Just so you know about Love Canal...
It was a clay sealed chem dump that met all the standards of the time and place.
It was donated to the city/school district for putting a school on top of only and was NOT supposed to be dug down into.
Some greedy wanker in the city/school saw all that wonderful vacant land sitting there and figured they could make a ton of money selling it off for housing lots.
The builders dug down through the clay seal and put in basements and VOILA! chemicals leaking into everything!
Raise a big stink any way you want, but the original canal served its purpose as originally constructed and if not dug into would still be sealed up tight today with none of the problems. The property should have been permanently noted on title transfer as being a former chem dump. I don't know if that happened or not and what subsequent "cleansing" of the records may have happened for the sales to progress.
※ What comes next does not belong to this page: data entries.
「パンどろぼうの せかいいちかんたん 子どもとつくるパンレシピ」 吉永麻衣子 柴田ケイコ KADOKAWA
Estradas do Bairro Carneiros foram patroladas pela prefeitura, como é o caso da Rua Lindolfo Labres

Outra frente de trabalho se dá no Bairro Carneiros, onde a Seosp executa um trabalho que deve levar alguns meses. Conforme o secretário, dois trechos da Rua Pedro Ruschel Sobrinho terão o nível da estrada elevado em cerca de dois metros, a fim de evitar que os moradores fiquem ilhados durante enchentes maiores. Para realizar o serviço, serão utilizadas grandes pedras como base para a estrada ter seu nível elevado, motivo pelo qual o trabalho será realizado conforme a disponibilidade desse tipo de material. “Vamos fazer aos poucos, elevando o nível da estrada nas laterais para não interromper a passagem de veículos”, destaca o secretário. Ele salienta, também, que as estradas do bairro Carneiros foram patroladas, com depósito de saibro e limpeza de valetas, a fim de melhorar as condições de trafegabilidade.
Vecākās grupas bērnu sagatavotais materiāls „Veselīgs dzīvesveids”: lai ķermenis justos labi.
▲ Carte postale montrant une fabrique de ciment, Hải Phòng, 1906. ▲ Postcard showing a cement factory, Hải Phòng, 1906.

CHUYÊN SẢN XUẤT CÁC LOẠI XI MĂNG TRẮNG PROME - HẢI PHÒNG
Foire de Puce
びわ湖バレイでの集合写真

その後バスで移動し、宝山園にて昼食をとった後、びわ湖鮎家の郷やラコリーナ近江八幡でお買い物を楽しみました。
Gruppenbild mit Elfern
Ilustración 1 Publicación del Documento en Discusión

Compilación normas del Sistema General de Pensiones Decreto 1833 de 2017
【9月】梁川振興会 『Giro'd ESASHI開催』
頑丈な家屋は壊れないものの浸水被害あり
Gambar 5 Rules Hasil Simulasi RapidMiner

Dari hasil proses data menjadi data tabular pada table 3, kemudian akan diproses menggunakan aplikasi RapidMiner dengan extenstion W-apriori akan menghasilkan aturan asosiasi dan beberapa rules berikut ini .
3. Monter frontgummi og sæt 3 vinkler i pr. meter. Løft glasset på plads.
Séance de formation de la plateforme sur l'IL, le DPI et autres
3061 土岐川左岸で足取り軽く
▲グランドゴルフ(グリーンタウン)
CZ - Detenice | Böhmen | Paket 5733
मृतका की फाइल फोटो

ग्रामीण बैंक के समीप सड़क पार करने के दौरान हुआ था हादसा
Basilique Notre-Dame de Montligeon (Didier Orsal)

And yes, it sucked for those who bought property there.
"The leak seems to have happened over email after the transport agency e-mailed the entire database in clear text messages to marketers that subscribe to it – and when the error was discovered, the agency merely sent a new list and told subscribers to delete the old list themselves."
#headshake #rolleyes
As others have mentioned, 'Cloud' is simply a marketing term - the fabric of still is made up of servers residing within datacentres with fibre connecting them.
Considering the sensitive nature of the data contained in the mentioned database, has IBM even got a datacentre in Sweden, or were the Swedes happy for it to reside in Norway?
Most probably an intern going like :
"Here's your [censored™] database in cleartext since we can't be arsed to figure out how this encryption doohicky works.
Hakuna Matata. Nobody'll intercept it anyway. And if they do, they'll read the bit at the end of the email which will ask them nicely to delete it if it is not intended for them."
We need an Alfred E Neumann icon.
As far as I know, IT service providers like IBM are bound by confidentiality agreements and their employess are bound, too.
If there's any leakage by IBM, is it somehow proven and documented?
I think the biggest mistake was on Swedish customer side (in design of the database missing encryption of sensitive data fields - content not needed to be seen by DB admins + in low contractual requirements on confidentiality/certification of security standards on provider side etc.)
When the scandal hits political floor and journalists are digging in it, facts are becoming less and less important.
In Czech newspapers one could read, that Swedish government crisis because of Czech employees of IBM ... it could have been Belarus, Bangalore, ... any other IT service provision site in the world whom could have the customer contracted.